News Briefs

The Whispering Village Of Turkmenistan

TURKMENISTAN – There’s a tiny village in Turkmenistan called Irkhotsk where the average age is 103, and no one speaks above a whisper.

Even the town’s musicians play everything sotto voce, … very quietly. Nikolai Nikolayev, 108 years old, and the mayor of the town, said through an interpreter, “Forget about yogurt, and other dairy products . All they’re good for is giving you phlegm. It’s whispering that is the secret to longevity.”

At least that’s what we at GNN thought he said. It was very hard to hear him.

People in this village have been whispering for hundreds of years.



It started about 700 years ago when the Vikings were conquering much of the surrounding area, and rumors started that they were planning on taking Irkhotsk next.

The story that circulated was that the Vikings were very light sleepers, and that they were camping out in the woods, waiting for the right moment to attack, so the villagers began whispering so as not to wake them up.

Twenty years later, the Vikings had still not attacked, and the Irkhotskians credited that to their whispering.

History has shown that the Vikings were never there to begin with, but after twenty years of whispering, it just became a habit.

Healthwise, they rival the Japanese in low rates of heart disease, and high blood pressure, but almost every Irkhotskian has a large goiter, and no one knows why.

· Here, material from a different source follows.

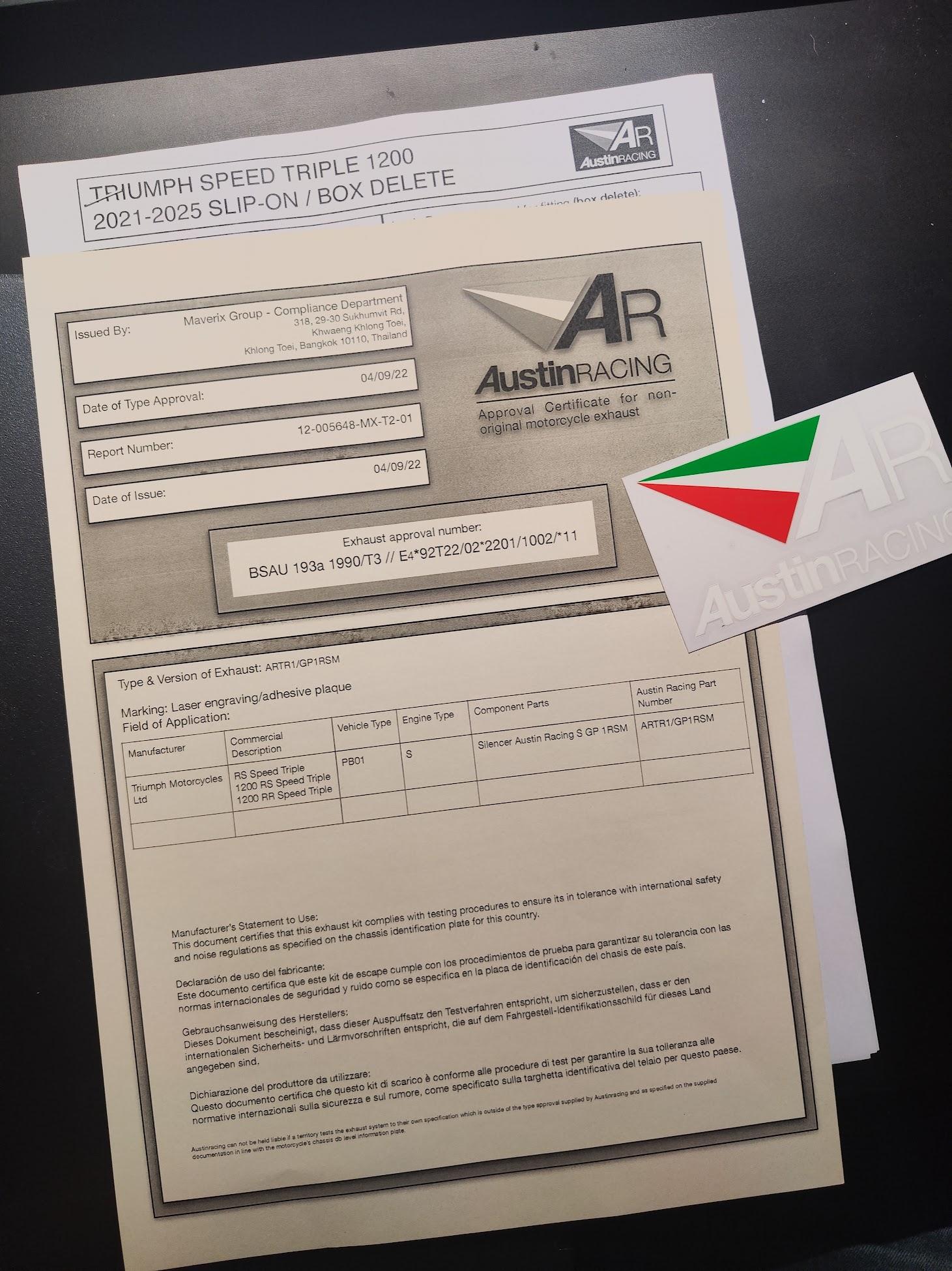 Youngtimer Geschrieben 26. November report Geschrieben 26. November Falls das Thema noch für jemanden interessant ist, diese Woche gibt es direkt bei Austin Racing 15% Rabatt auf Slip-ons. Da hab ich mal zugeschlagen. https://www.austinracing.com/home/271-2021-2022-1200-speed-triple-db-compliant-slip-on-exhaust-system.html#/1619-tip_colour_option_-black/1626-logo_option_-laser_etched_logo/1628-silencer_finish_option_-titanium/1722-dbcompliant-yes_db_compliant/1828-fitment_option_-gp1rs_mini_pair/1952-tip_choices-2021_2024 Zitat Black Friday is live at Austin Racing For one week only, we’re giving you our biggest savings of the year across slip-ons, decat systems and full systems — no gimmicks, just proper deals on the parts you actually want. Use: • BF25SO — Slip-Ons • BF25DC — Decat Systems • BF25FS — Full Systems Zitieren

Interestingly enough, their vocal cords have almost withered away.

There is virtually no crime, because no one argues. Nikolayev says, it wouldn’t make sense.     “You can’t argue with anyone when you’re whispering.   It’s not satisfying.   Plus, most of the townspeople are deaf from old age.”

Besides old age, the main cause of death in Irkhotsk seems to be people being run over by ox carts.   They try to warn each other, but between the whispering and the deafness, Nikolayev says, “we lose two or three villagers a week.”